→ **Work item**:
Beneath this task are the entries; from the line with "Longue traversée de" through the last one, transcribe every line exactly and nothing else, skipping pictures.

→ **Supplied data**:
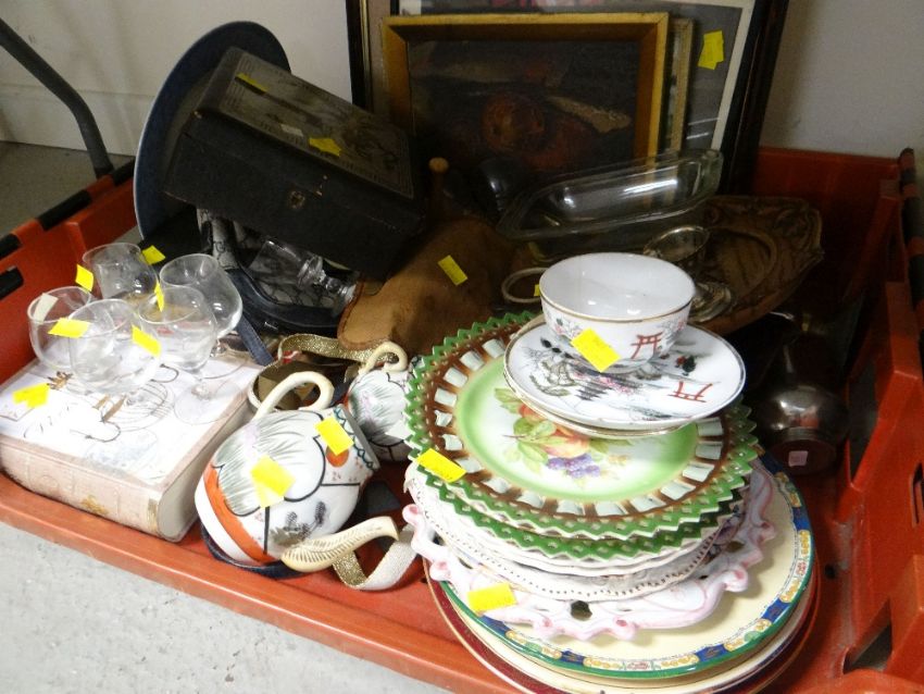 A parcel of mixed china, prints etc
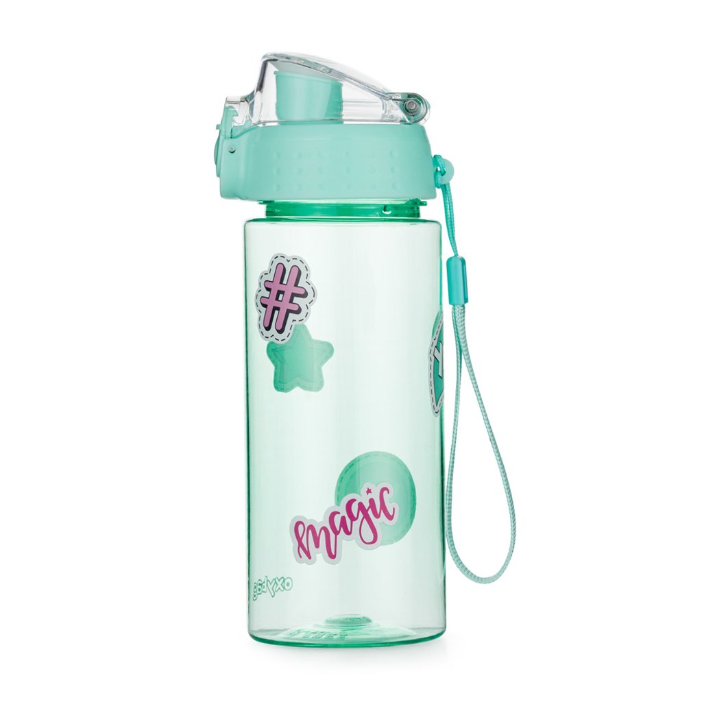 Dětská láhev na pití vyrobená z kvalitního a zdravotně nezávadného materiálu Tritan. Láhev je testována, neobsahuje BPA ani ftaláty. Vrchní část láhve je vybavena zámkem a otevíracím patentem, který funguje na principu změny polohy tlačítka (nahoru = zamčeno, dolů = otevřeno). Díky tomu je láhev snadno otevíratelná a zároveň chráněná proti nechtěnému vylití. Láhev má objem 500 ml, je vhodná do myčky na maximální teplotu 80 °C a je ideální pro děti od 5 let. Praktická šňůrka usnadňuje manipulaci a průměr pítka je 2,5 cm. Upozornění: Láhev není určena pro sycené nápoje.
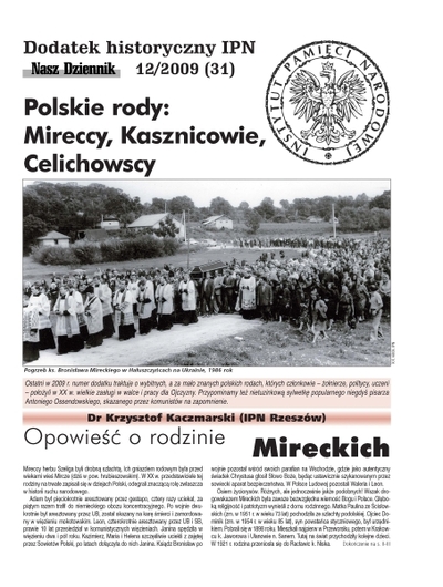 Pliki do pobrania Polskie rody: Mireccy, Kasznicowie, Celichowscy - „Nasz Dziennik”, 12/2009 (31) (pdf, 5.03 MB)
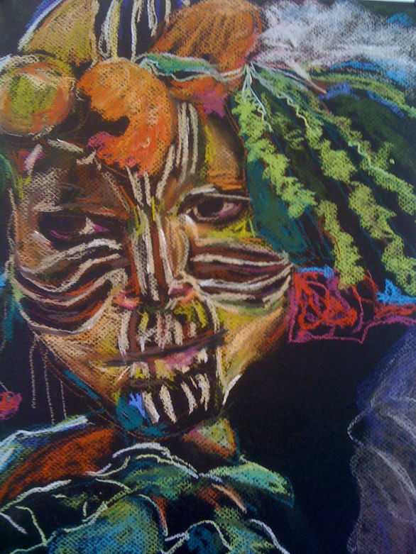 Back in the studio I found photo of people from the Omo River in Ethiopia who decorate themselves with nature, their own bodies becoming works of art. Memories of my many trips to Africa and the sophistication of these tribal cultures came back to me.
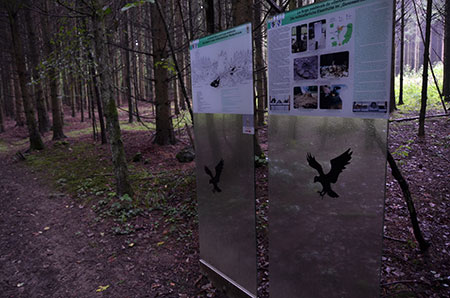 Longue traversée de Dudelange pour récupérer le GR sur une cache que je trouve facilement. Elle fait partie d'une série mais je ne m'éterniserai pas à toutes les faire. C'est chiant de poser son sac tous les 200m... Je passe devant une superbe cabane au toit végétalisé. Un immense feu achève de se consummer, témoin des agapes de la veille. Puis, c'est une suite de longues allées forestières parsemées de panneaux didactiques. Certains sont imprimés sur des surfaces vitrées... y a des sous au Luxembourg !
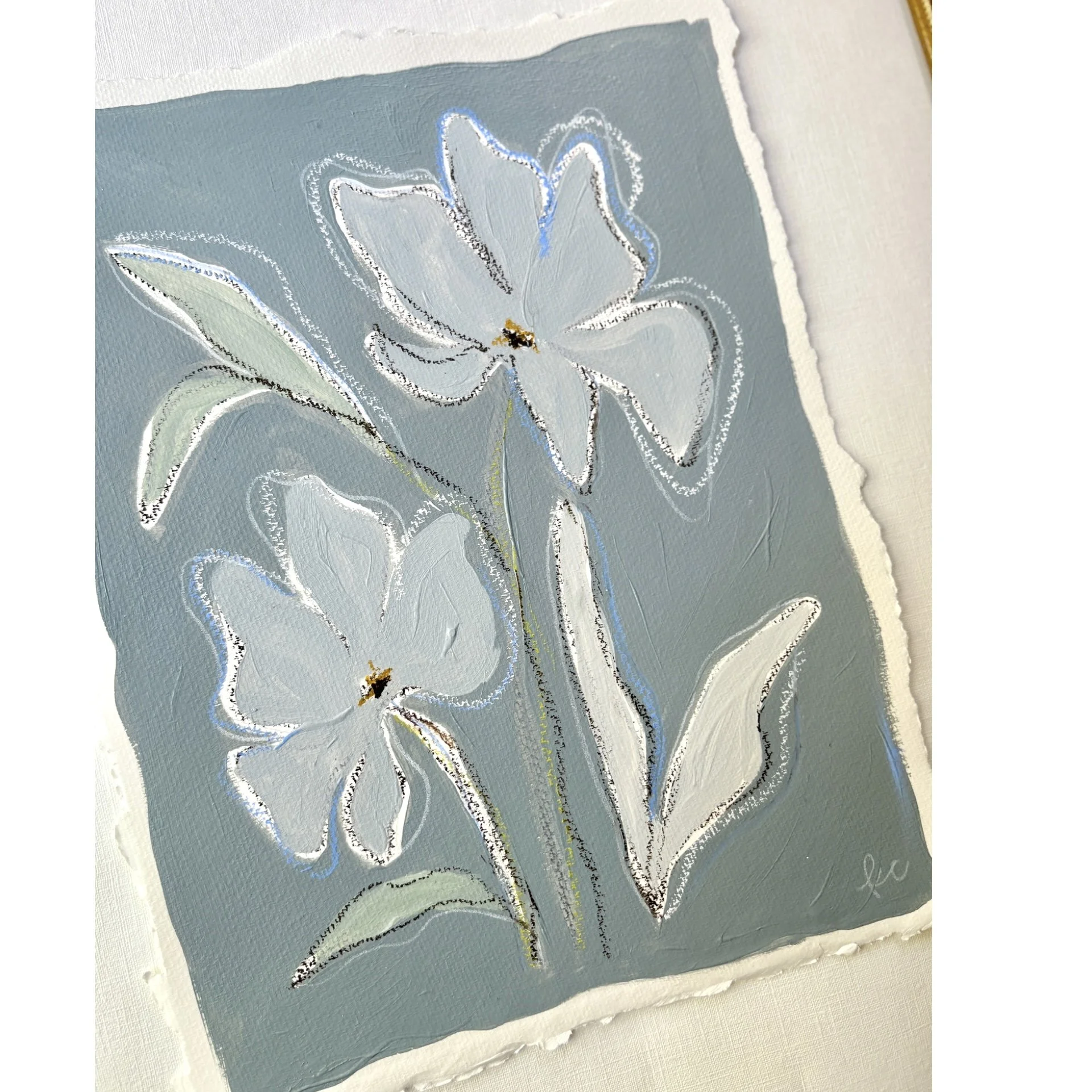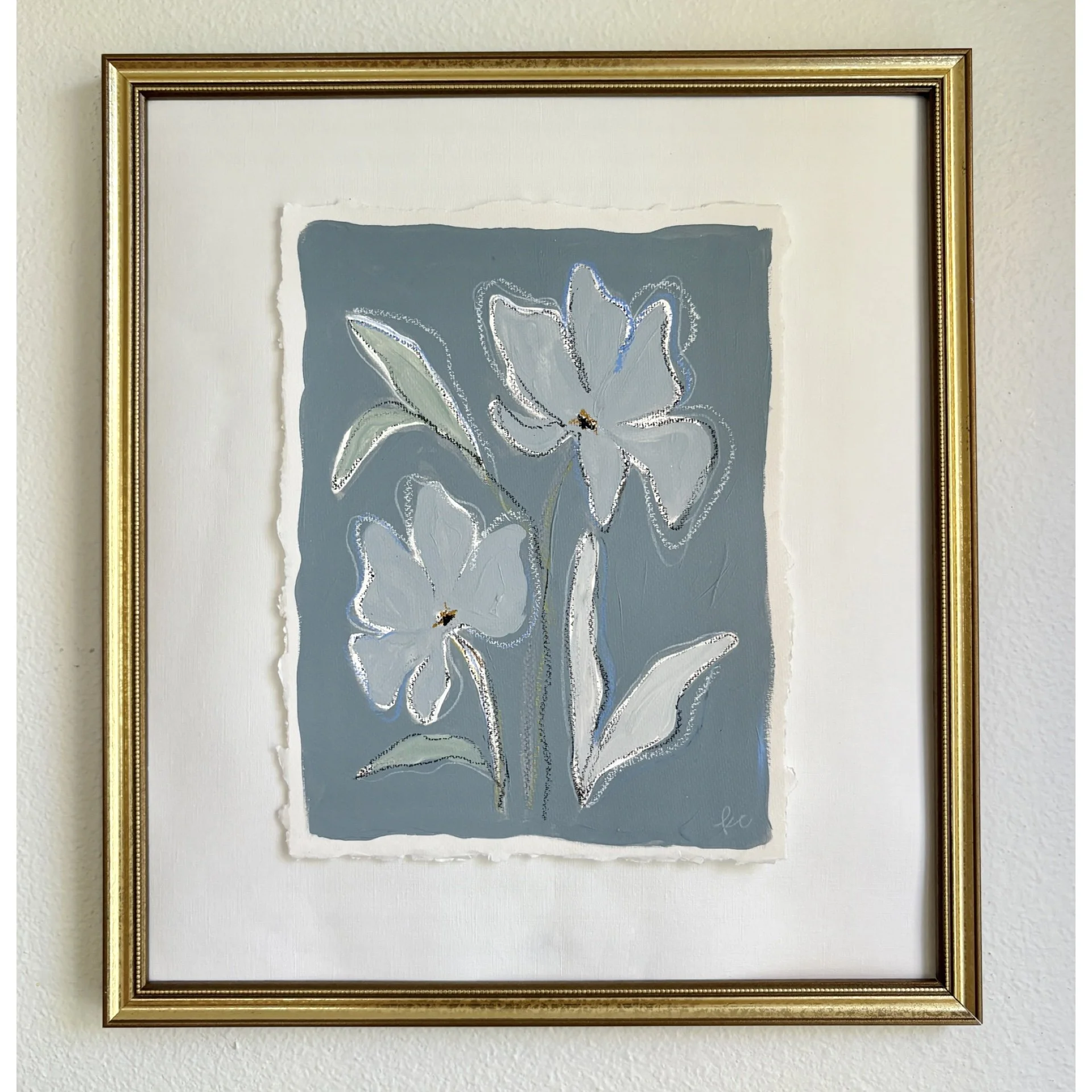 Original artwork on 10 x 13 inch hand torn paper. Floating in a gold wooden frame.

→ **Output**:
 Longue traversée de Dudelange pour récupérer le GR sur une cache que je trouve facilement. Elle fait partie d'une série mais je ne m'éterniserai pas à toutes les faire. C'est chiant de poser son sac tous les 200m... Je passe devant une superbe cabane au toit végétalisé. Un immense feu achève de se consummer, témoin des agapes de la veille. Puis, c'est une suite de longues allées forestières parsemées de panneaux didactiques. Certains sont imprimés sur des surfaces vitrées... y a des sous au Luxembourg !
 Original artwork on 10 x 13 inch hand torn paper. Floating in a gold wooden frame.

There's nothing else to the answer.